Author: Asher Mancinelli (ashermancinelli)

Changes

Now that sincos is a supported intrinsic in the LLVM dialect (#160561) we are able to add the corresponding operation in the math dialect and add conversion patters for LLVM and NVVM.

We have several benchmarks that use sine and cosine in hot-loops, and saving some calculations by performing them together can benefit performance. We would like to have a way to represent sincos in the math dialect.

Parts I'm unsure about:

Is the way I find the allocation scope risky? I copied allocBuffers() in VectorToSCF.cpp by assuming the op exists in an AutomaticAllocationScope, and I don't check that the region's first block exists. We could assert more eagerly, but I'm not sure it matters.
What do we think of the assembly format math.sincos %f : f32 -> f32, f32? I know we could omit the -> and everything after with a custom assembly format, but I couldn't get the ODS to do that. Open to suggestions.
I implement getShapeForUnroll() here, but where is the best place to test the unroller interfaces? I'll keep poking around after sending this out for review.
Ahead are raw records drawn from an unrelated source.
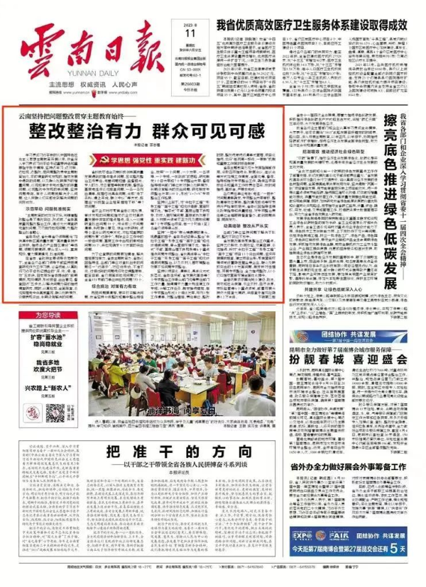 8月11日,《云南日报》头版头条主题教育重点报道关注我校绩效分配制度改革
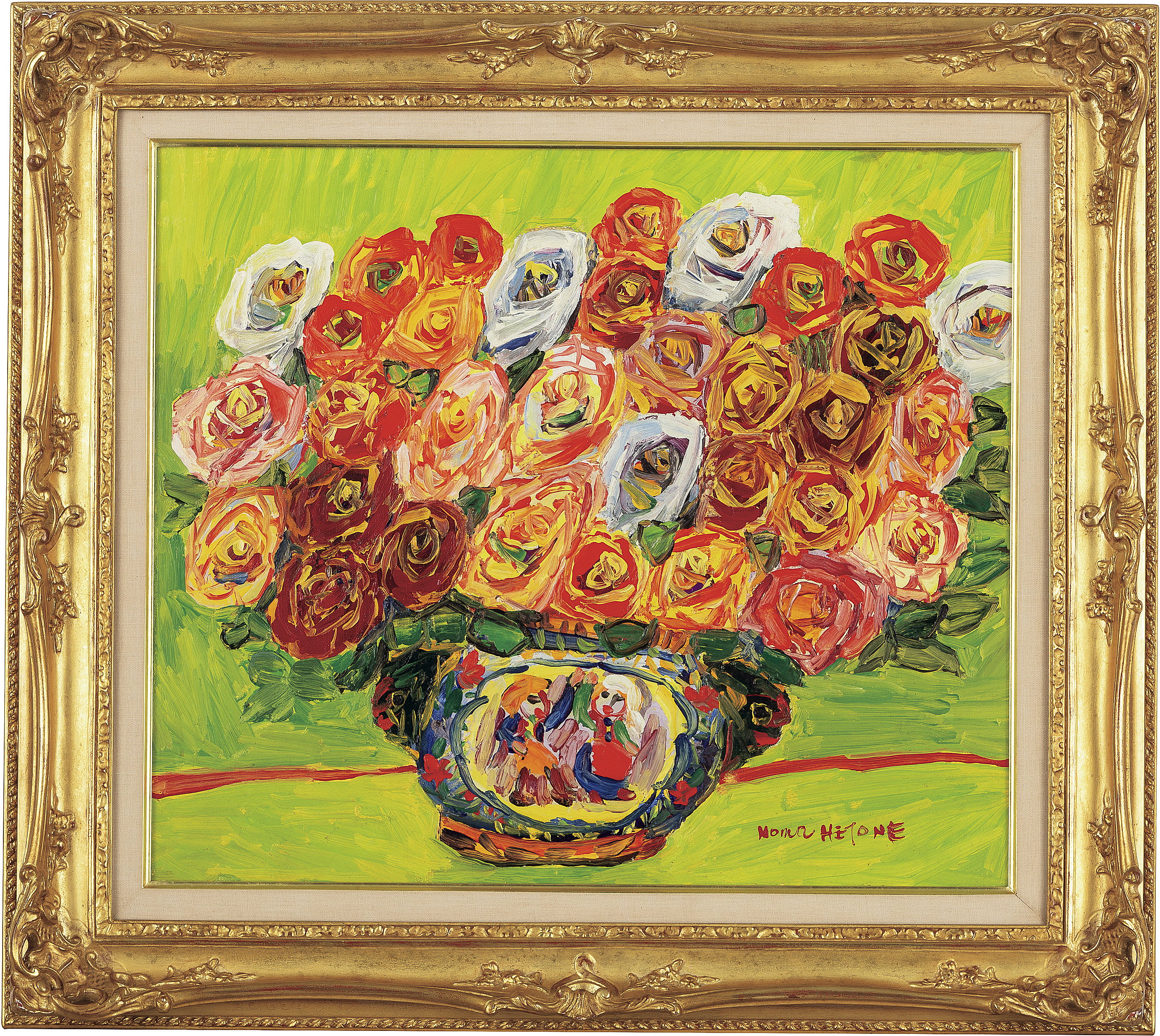 キャンバスに油彩 45.7×52.8cm(F10号) サイン有 キャンバス裏木枠にもサイン、タイトル 画面数ヶ所にシミ、ヒビ 額付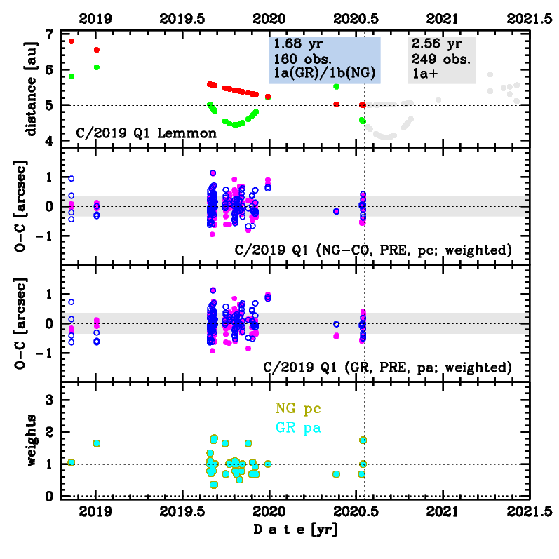 Solutions (GR and NG) given here are based on data span over 2.56 yr in a range of heliocentric distances: 6.80 au – 5.00 au (perihelion) – 5.56 au. Orbits based on pre-perihelion and post-perihelion data independently were also obtained.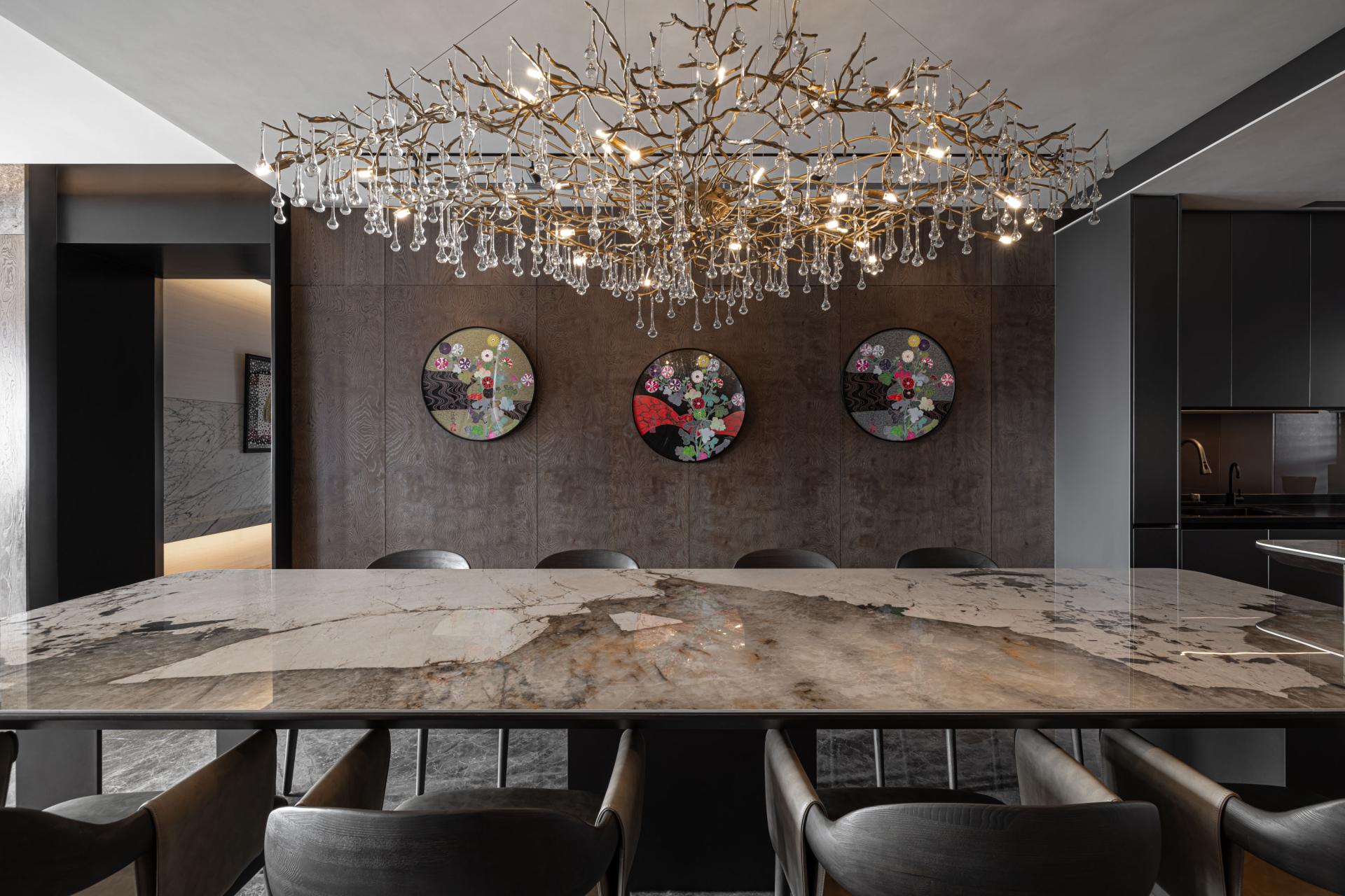 This project centres around our view on spatial Montage which allows viewers to construct his/her imagination of the property owner's character while experiencing the space, and we focus on deconstructing and recombining characteristics of spatial elements from the pattern of our client's art and furniture collection. We aim to create an unexpected balance of spatial experience by combining different finishes on materials and architectural elements. From contemporary to classic, the elements reshape the spatial scene and lead to an immersive balance reflecting the essence of the space that we love and believe.
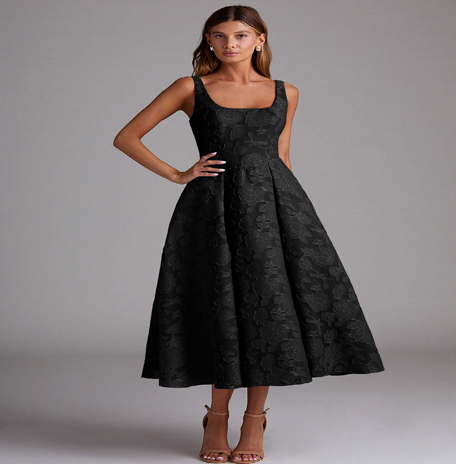 เดรสสีขาวทรงมิดิแบบผูกคอ ดีไซน์หรูหรา พร้อมทรงเข้ารูปและกระโปรงบานสวยสง่า มีจำหน่ายในราคาขายส่ง

I will add more reviewers once you both think this looks okay. Thanks in advance!

Full diff: https://github.com/llvm/llvm-project/pull/160772.diff

7 Files Affected:

(modified) mlir/include/mlir/Dialect/Math/IR/MathOps.td (+38)
(modified) mlir/lib/Conversion/GPUToNVVM/LowerGpuOpsToNVVMOps.cpp (+99-1)
(modified) mlir/lib/Conversion/MathToLLVM/MathToLLVM.cpp (+33)
(modified) mlir/lib/Dialect/Math/IR/MathOps.cpp (+22)
(modified) mlir/test/Conversion/GPUToNVVM/gpu-to-nvvm.mlir (+39)
(modified) mlir/test/Conversion/MathToLLVM/math-to-llvm.mlir (+10)
(modified) mlir/test/Dialect/Math/ops.mlir (+12)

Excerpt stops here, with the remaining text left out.